Thanks for all the kind words to you all also.

:thumb:


----------



## Brooklands (Jun 12, 2010)

willwad82 said:


> I have decided to give the car the clean of its life.
> 
> Going to do a simple polish on a white hex pad to remove some light marks using Gliptone polish.
> 
> ...


Looking forward to seeing the results - may the force be with you!


----------



## MarkSmith (Dec 17, 2010)

willwad82 said:


> I have decided to give the car the clean of its life.
> 
> Going to do a simple polish on a white hex pad to remove some light marks using Gliptone polish.
> 
> ...


This is going to look awesome mate, cant wait to see the pics and hear how it goes.

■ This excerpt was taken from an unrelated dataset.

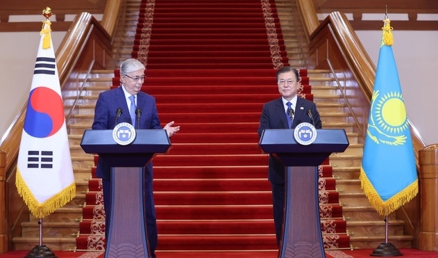 이날 양자회담에 앞서 청와대 본관에서 열린 '한-카자흐 정상회담'에서는 한-카자흐 수자원 관리 분야 협력에 관한 양해각서가 체결됐다.

Chris is going to be over the moon 

Nice one mate


----------



## Tips (Mar 27, 2011)

Wow - I don't even do that kind of work on my own car :buffer:

Brill stuff :thumb:


----------



## darren1229 (Jun 8, 2012)

:detailer:

Top man!!


----------



## PootleFlump (Jan 1, 2006)

Good on you but be careful. I loved my neighbour, unfortunately her husband found out and all hell broke loose


----------



## Big Buffer (Jan 1, 2011)

Ha ha good story


----------



## themk2 (Apr 15, 2012)

PootleFlump said:


> Good on you but be careful. I loved my neighbour, unfortunately her husband found out and all hell broke loose


:lol::lol::lol:


----------